There are a lot of things out there proclaiming we’re a godless society – that our greatest pleasure lies in watching celebrities and politicians get ripped apart, and that we derive some fundamental pleasure from watching Nancy Grace, whose helmet hair is perfectly suited to the barbarian-like way she clobbers viewers with her own brand of justice. I think there might be a religious sect somewhere in the heartland counting down the days until the apocalypse, and who can blame them? Tsunamis, hurricanes, floods and the only thing we care about is whether or not that really hot chick in the bikini will stab her best friend in the back for a wad of cash.

Angela Cesere
The latest look in fall knitwear. (Courtesy of NBC)

TV culture is quickly degenerating into a culture of offense. Instead of art, comedy and substance, we’ve got shows on every network encouraging couples to cheat on each other. We’ve basically sold our grandmothers up the river for the chance to swing from a vine and eat chocolate naked on television. And it’s even better when we can turn it into a race war. We surely aren’t discriminatory enough in real life – let’s make reality television the new hotspot for latent tension between ethnic groups. Let’s watch the white people publicly confess their desire for those Hispanics to lose out. Awesome.

Don’t get me wrong. I’m all for entertainment, and there are shows on television that do just that without degrading their eager participants. “American Idol,” for one. I’m not really a fan, but from what I see, it’s like a karaoke competition on national television. And people love it. Reality television doesn’t have to prey on the slick underbelly of morality to be successful. Sure, Simon Cowell is cutting. But he’s honest, and mean judges aren’t a new invention. People don’t watch American Idol for Simon. They aren’t looking for cruelty.

To some extent, reality TV is, in fact, real. We’ve always cheated, betrayed and lied to our friends and neighbors since we first started walking upright. But never before have we so celebrated that fact. We’re not ashamed of our faults anymore – we’re proud of them. And we’re damn proud that we’ve found a way to turn a profit on them.

But after all, television is what people want to watch. No one would make shows like “Temptation Island” if there wasn’t already a gaggle of vacant-eyed viewers waiting to be tempted by the vicarious meanness of thong-clad yuppies. And these bachelors, so slick and perfectly groomed, testing out women by the dozens based on nothing more than a first impression and sending them home while the spurned females weep into their confessional cameras about love, so soon lost. What love? Is this what we really think is romance? Are the promiscuous co-eds of “Real World” the role-models of today’s middle-schoolers?

It’s not about being prudish. It’s about recognizing that there are things that can’t be personal anymore because television has pushed every sacred subject out the window and dressed it in pasties.

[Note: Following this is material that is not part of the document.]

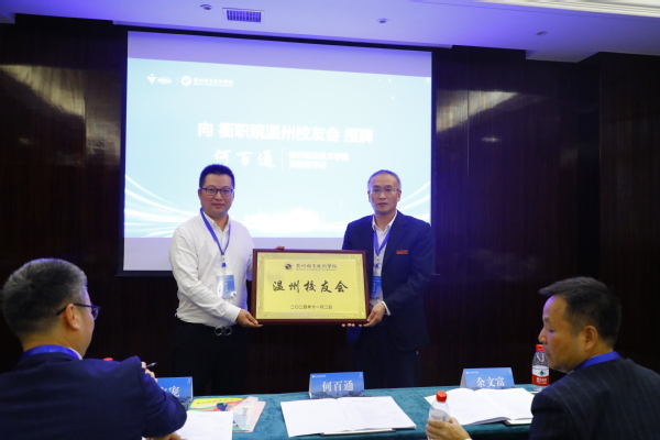 会上,校党委副书记何百通对温州校友会的成立表示祝贺并致辞。他指出,在广大校友鼎力支持下,学校建设发展取得长足进步。特别是近年来,学校围绕创“双高”、强服务、育人才工作主线,深入实施“六个一批”服务地方发展专项行动,深化复合型技术技能人才培养改革,推动学校事业取得历史性成就、发生历史性变革,学校高质量发展迎来光明前景。他强调,长期以来,广大校友身在四方却始终心系母校,以各种方式反哺母校、支持母校发展。广大温州校友扎根地方,在各自战线上建功立业,展现衢职的风采,发扬衢职精神,服务温州地方发展。温州校友会的成立,是母校情的延续、校友情的汇聚、跨地域的联合,开创了校友与母校、校友与校友情谊相连、发展与共的新路径。他希望校友们多联系、多走动、常回母校看看,用大家的精诚合作,助力母校谱写事业发展新篇章。

It’s spread to informational television, too. Instead of journalism, we have people like Grace and her crass “personality.” All we hear her say is what the police do wrong, who was guilty. There’s simply no way that she’s wrong.

Except often she is. And when she’s wrong, she messes up big time. Claims that Grace drove a woman to suicide are beginning to tinge the edges of her show more than a little crimson. After an interview with Grace, during which the television prosecutor grilled her for information concerning her whereabouts and activities at the time of her son’s disappearance, Melinda Duckett, whose two-year-old is still missing, killed herself.

The controversy surrounding the case comes from all sides. Did she kill herself out of guilt? Was it because she felt that her case was hopeless? Or was she simply “bashed,” as her relatives claim?

In the end, it doesn’t really matter. What’s sad is that even afterward, CNN still felt the compulsion to shock, and ran the interview anyway. What’s sad is that the Schiavos and Ramseys of the world will almost certainly feel the aftereffects from the fact that their personal lives became another piece of sensational news. And why not? If we can watch a family of slightly obese, Juicy-wearing Oklahomans choke down dung beetles for a chance at $1,000, it’s really not a far stretch to believe that we’ll sell our own personal tragedies, formerly the stuff of plays and poetry, if someone offers us the right price.

Just make sure you negotiate. If Richard Hatch can get a million dollars by walking around naked on a beach, you should at least get that much for your dignity.